Resource Management System Design¶

Purpose: Centralized, systematic management of genomic resources and data paths
Component: splice_engine/config/
Status: ✅ Implemented, documented during refactoring

Problem Statement¶

What We're Solving¶

Research projects like agentic-spliceai need to access many resources: - Genomic data: GTF annotations, FASTA genomes (multiple builds) - Derived datasets: Splice sites, gene annotations, transcript features - Base models: SpliceAI, OpenSpliceAI (trained on different builds) - External data: Variant databases, clinical datasets

Challenges Without Resource Management¶

❌ Path Chaos:

# Scattered across codebase:
gtf_file = "../../data/ensembl/GRCh38/Homo_sapiens.GRCh38.112.gtf"
fasta_file = "/Users/me/data/genomes/GRCh38.fa"
splice_sites = "../data/mane/GRCh38/splice_sites.tsv"

❌ Fragility: Paths break when: - Running from different directories - Moving to different machines - Deploying to servers/containers - Collaborating with others

❌ Inconsistency: Multiple paths to same resource:

# file1.py
data_dir = "data/ensembl/GRCh38"
# file2.py
data_path = "./data/ensembl/GRCh38/"
# file3.py
DATA_ROOT = "/mnt/shared/data/ensembl/GRCh38"
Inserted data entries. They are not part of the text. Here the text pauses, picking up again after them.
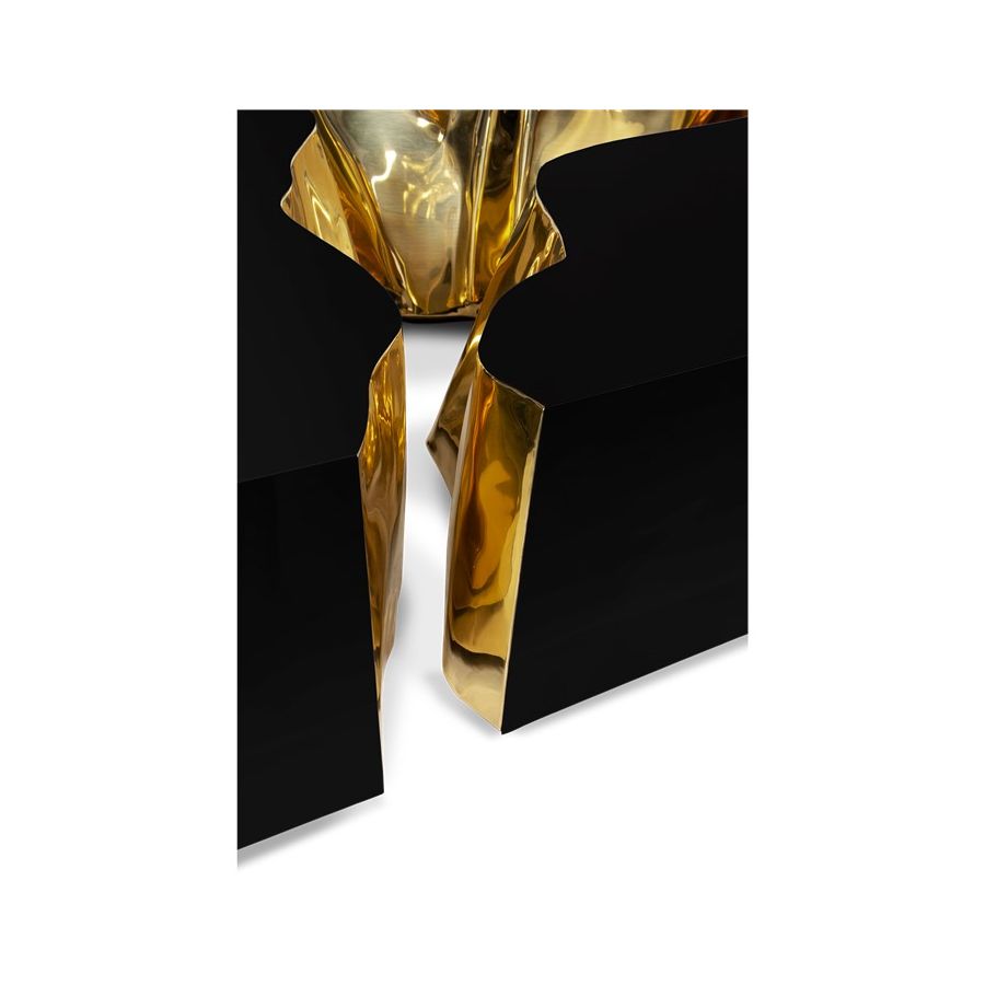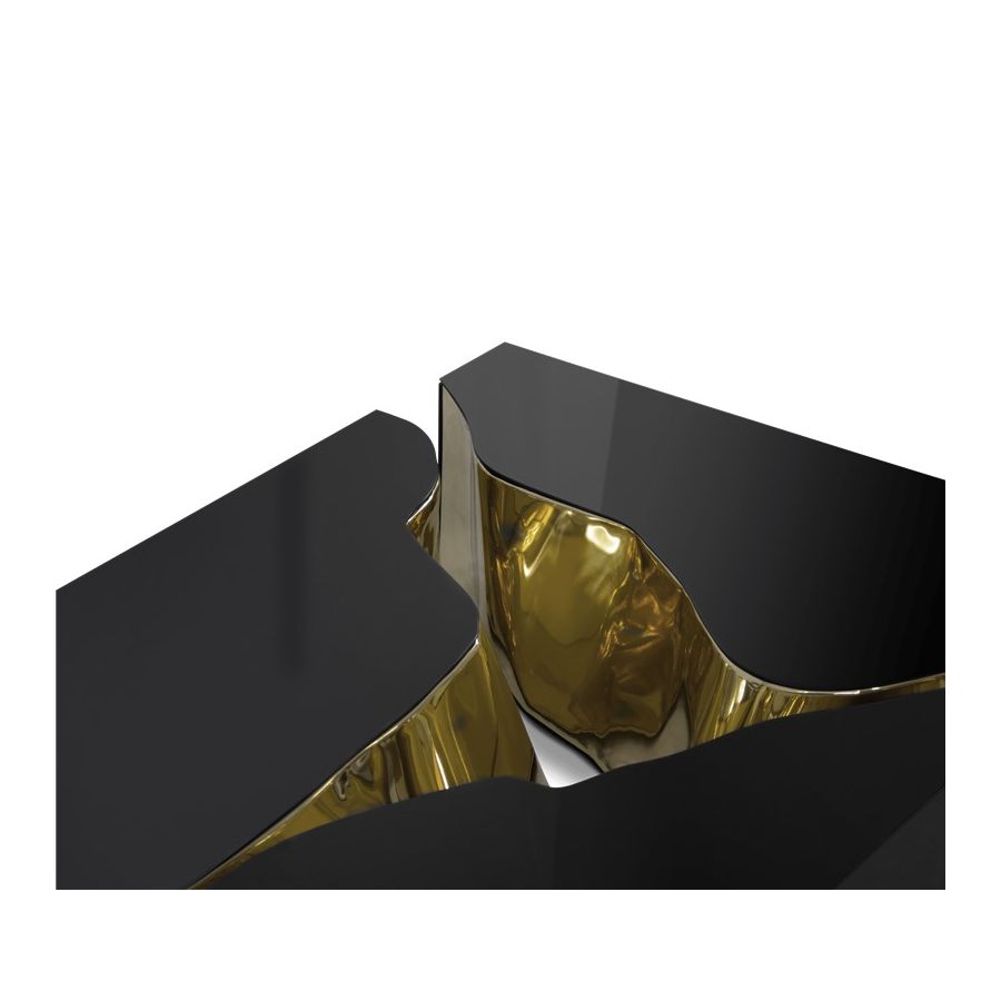 Lapiaz center table takes exceptional craftsmanship and design to a new realm. A functional artwork conceived in three modules for unexpected combinations. Its organic features are achieved through the manual fitting of the polished brass sheet, and a sharp exterior finished in glossy black lacquer. The hammered brass details convey both dynamics and elegance to bring a new contemporary verve into refined interiors. Finding beauty in the most unexpected places, this contemporary coffee table is inspired by authentic karst formations created by surface dissolution, freezing, or thawing of dolomite rocks. Born from cold and freshly cracked to showing off the world rich, golden interior.
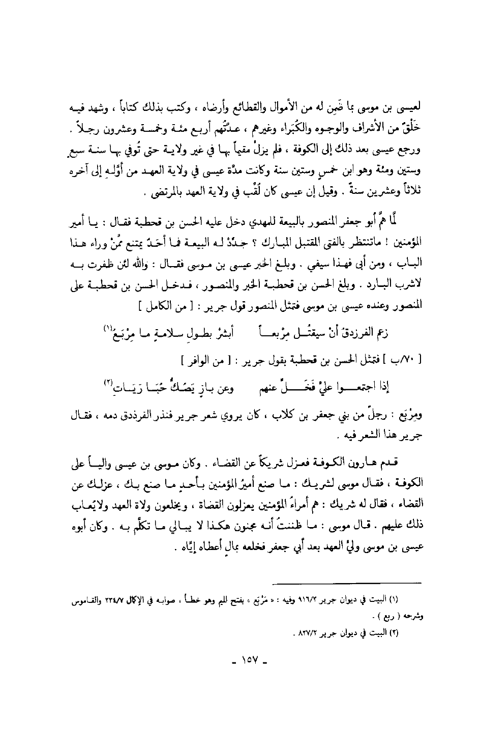 فتمثل الحسن بن قحطبة بقول جرير: من الوافر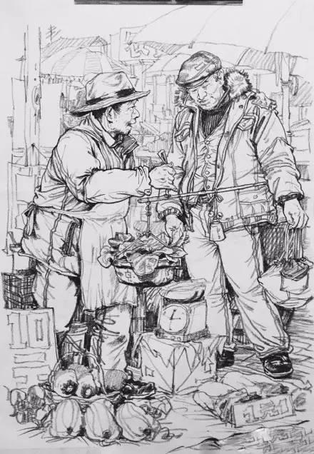 (1)構(gòu)圖,面對(duì)人物組合的場景,不宜馬上就動(dòng)手畫,首先應(yīng)該靜下心來,用幾分鐘的時(shí)間認(rèn)真觀察人物組合之間的關(guān)系。要做到心中有數(shù),再著手起稿。要特別注意人物之間的形體關(guān)系。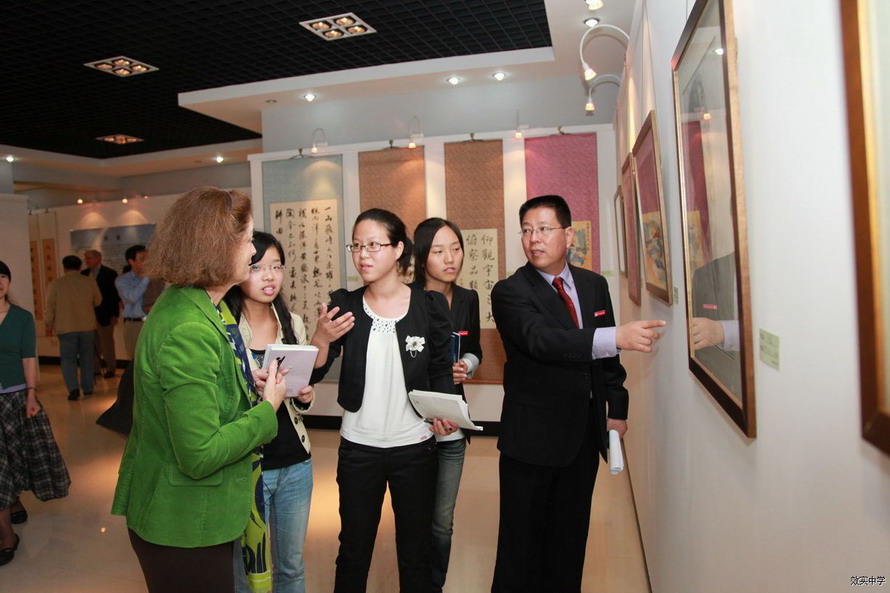 参观我校学生书画展厅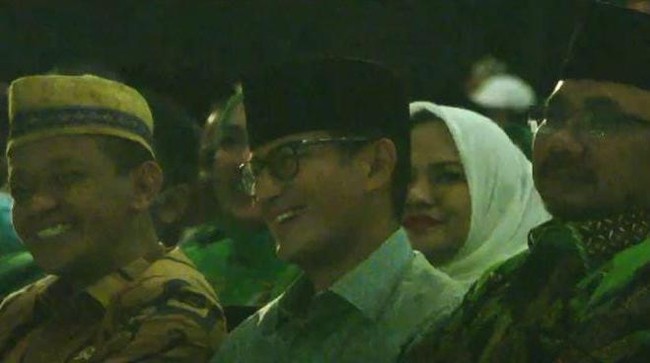 Mardiono kemudian menyapa Sandiaga. Suasana acara pun riuh dengan sorak sorai serta tepuk tangan saat nama Sandiaga disebut.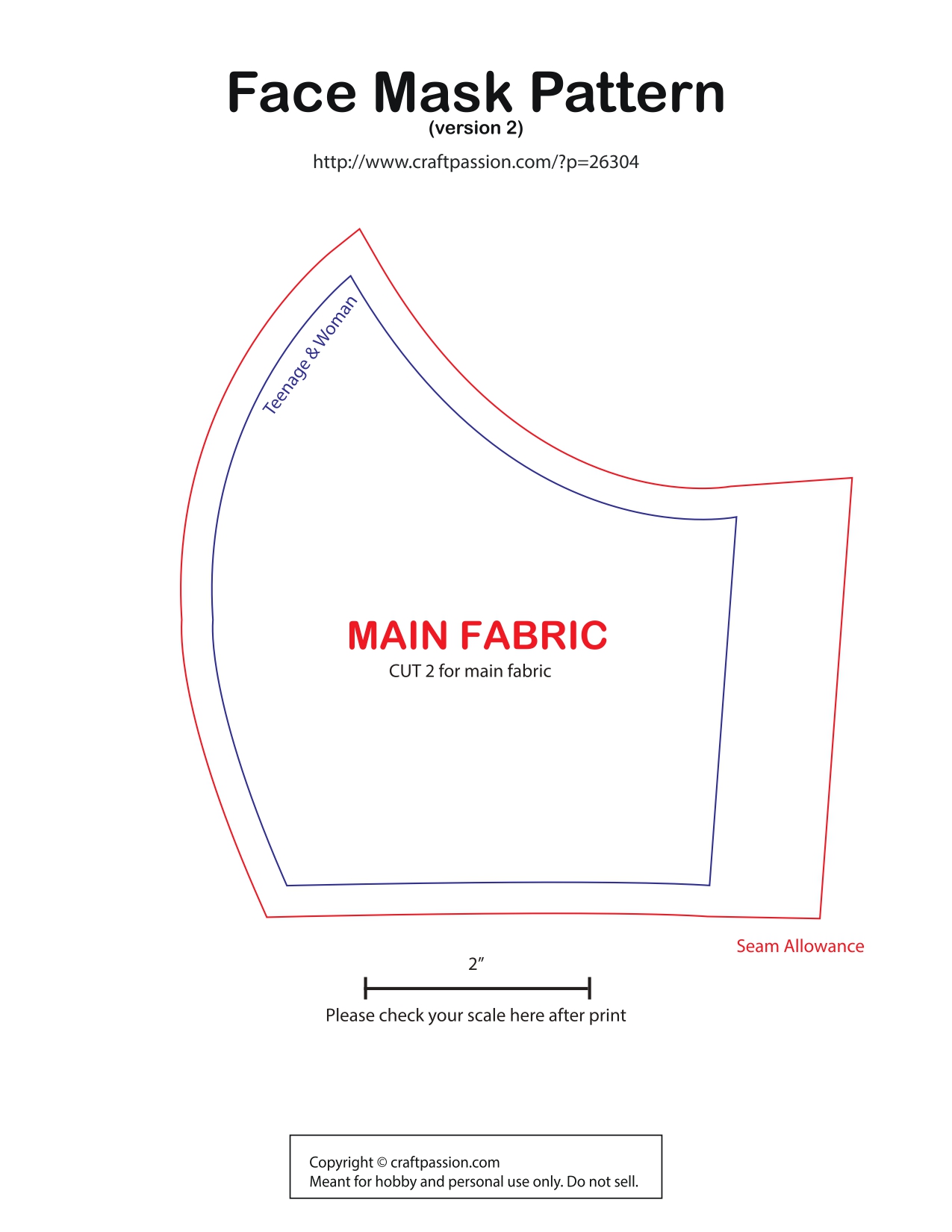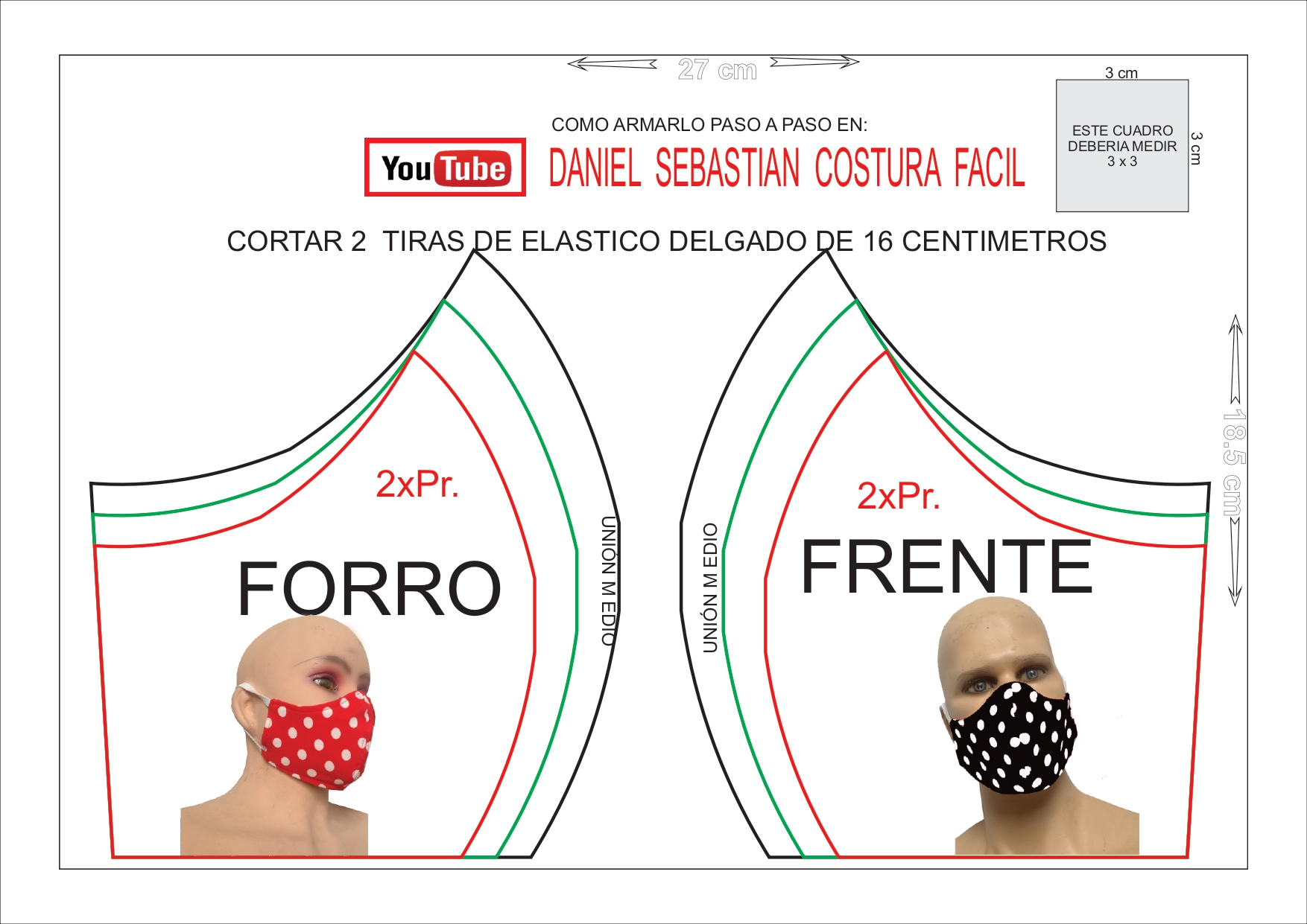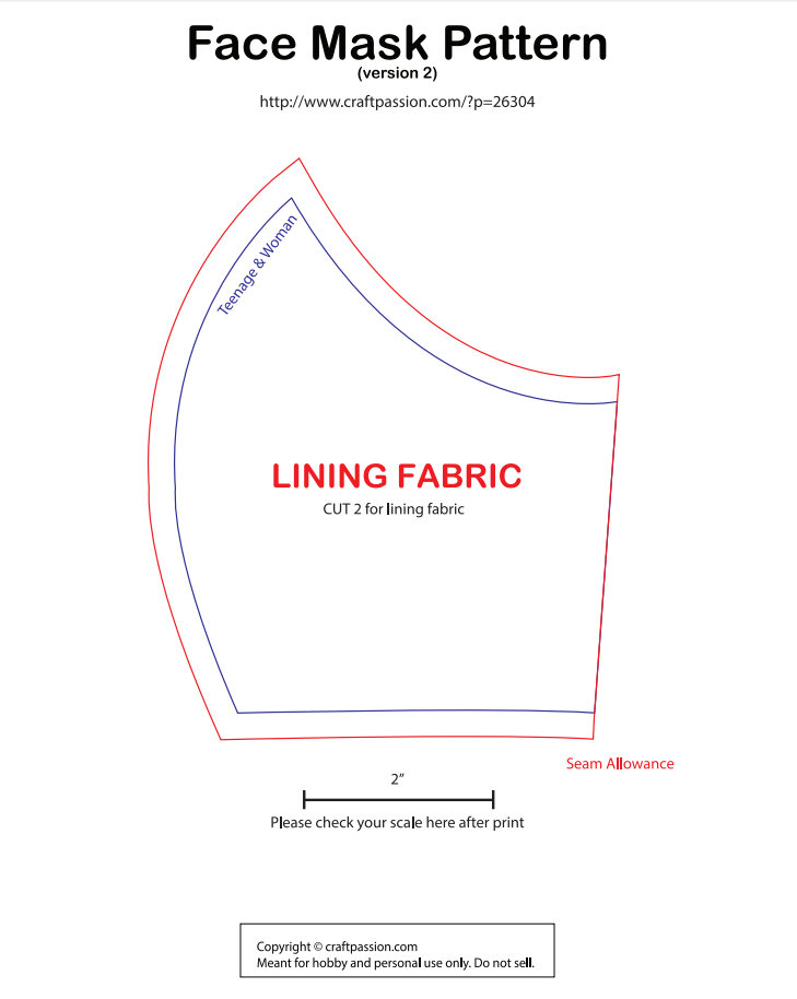 Mascarilla para mujer joven: Puedes descargar el patrón aquí en PDF, aquí en DOC, aquí en JPG (1 y 2) y aquí en SVG.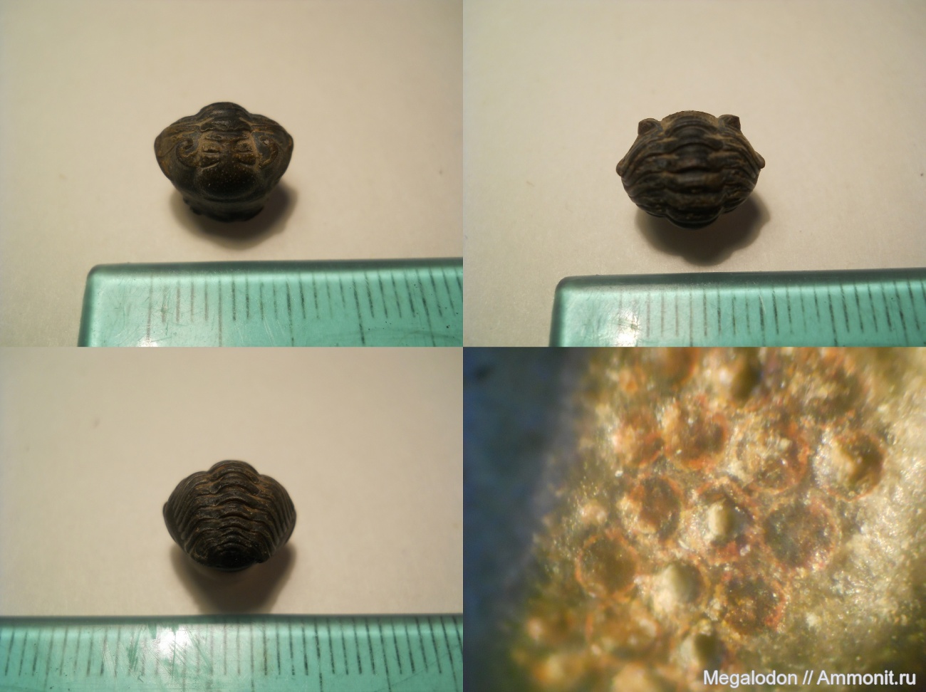 Небольшой, но довольно интересный трилобит. Получен от Сергея (nyxx). На фото в нижнем правом углу- строение глазной поверхности.
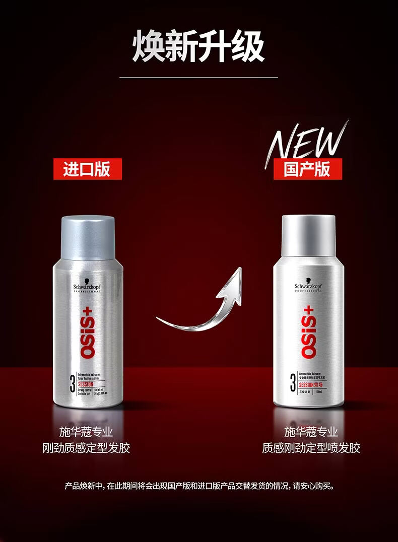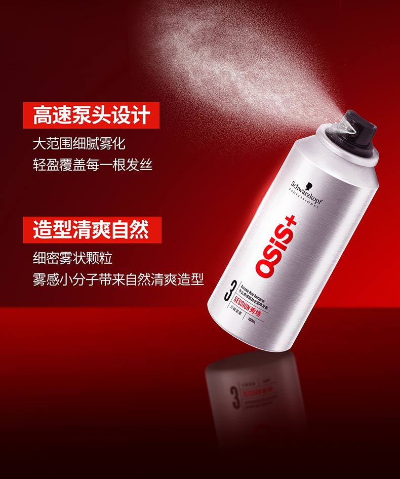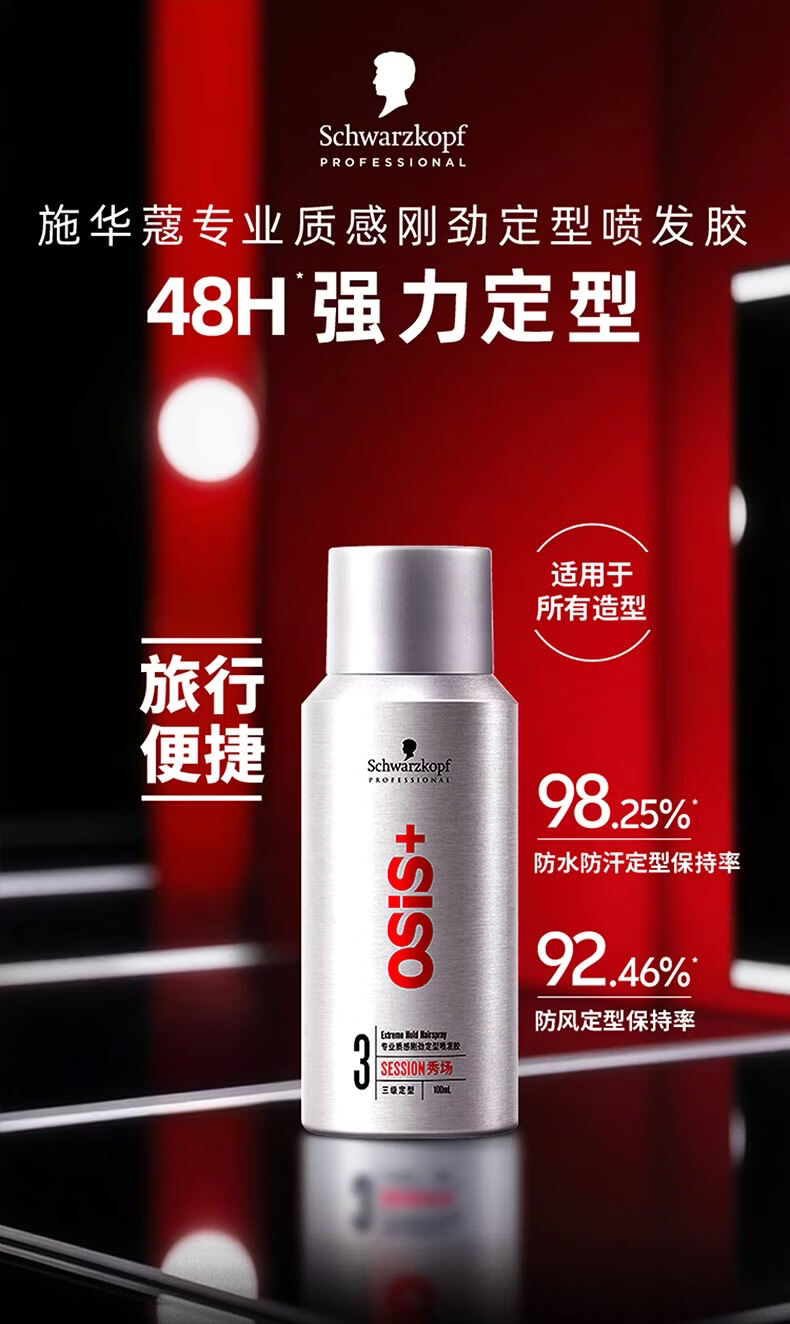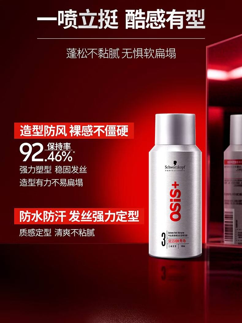 施华蔻专业OSIS刚劲定型喷雾发胶100ml 蓬松旅行装便携男士清爽持久清香小瓶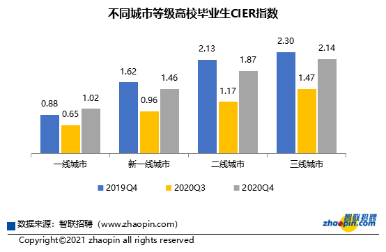 近日,中国人民大学中国就业研究所与智联招聘联合发布《2020年第四季度应届生就业市场景气报告》,其中指出,本季度高校毕业生就业市场景气指数(CIER)同比和环比均出现上升。当年全年,昆明、宁波、南宁的求职投递涨幅,均超过了65%。

❌ Configuration Hell: Changing builds requires code changes:

# To switch from GRCh38 to GRCh37, must find and update N places in code

Design Goals¶

1. Single Source of Truth¶

All resource paths defined in one place (configuration).

# Everywhere in code:
from agentic_spliceai.splice_engine.config import config

gtf_path = config.get_data_dir() / filename("gtf", config)

2. Portable Across Environments¶

Same code works on: - Local development machines - Remote servers - Docker containers - CI/CD pipelines - Collaborator machines

3. Configuration-Driven¶

Switch builds/sources via configuration, not code:

# Change build via environment variable
export SS_BUILD=GRCh37

# Or in settings.yaml
default_build: GRCh37

4. Type-Safe and Explicit¶

Use Python dataclasses for type safety:

@dataclass
class Config:
    species: str
    build: str
    release: str
    data_root: Path

5. Multi-Build, Multi-Source Support¶

Support multiple genome builds and annotation sources: - Builds: GRCh37, GRCh38 - Sources: Ensembl, MANE RefSeq, GENCODE

Architecture¶

Component Structure¶

splice_engine/config/
├── __init__.py              # Public API exports
├── genomic_config.py        # Core config system
└── settings.yaml            # Configuration data

Key Components¶

1. Config Dataclass¶

@dataclass
class Config:
    """Configuration for genomic resources."""
    species: str                  # e.g., "homo_sapiens"
    build: str                    # e.g., "GRCh38"
    release: str                  # e.g., "112"
    data_root: Path               # Absolute path to data root
    builds: dict                  # Build-specific settings
    derived_datasets: dict        # Filenames for derived data
    annotation_sources: dict      # Available sources
    base_models: dict            # Base model specifications
    default_annotation_source: str

Why dataclass: Type safety, IDE autocomplete, explicit structure

2. Project Root Detection¶

def find_project_root(current_path: str = './') -> str:
    """Find project root by looking for markers."""
    root_markers = ['.git', 'pyproject.toml', 'setup.py']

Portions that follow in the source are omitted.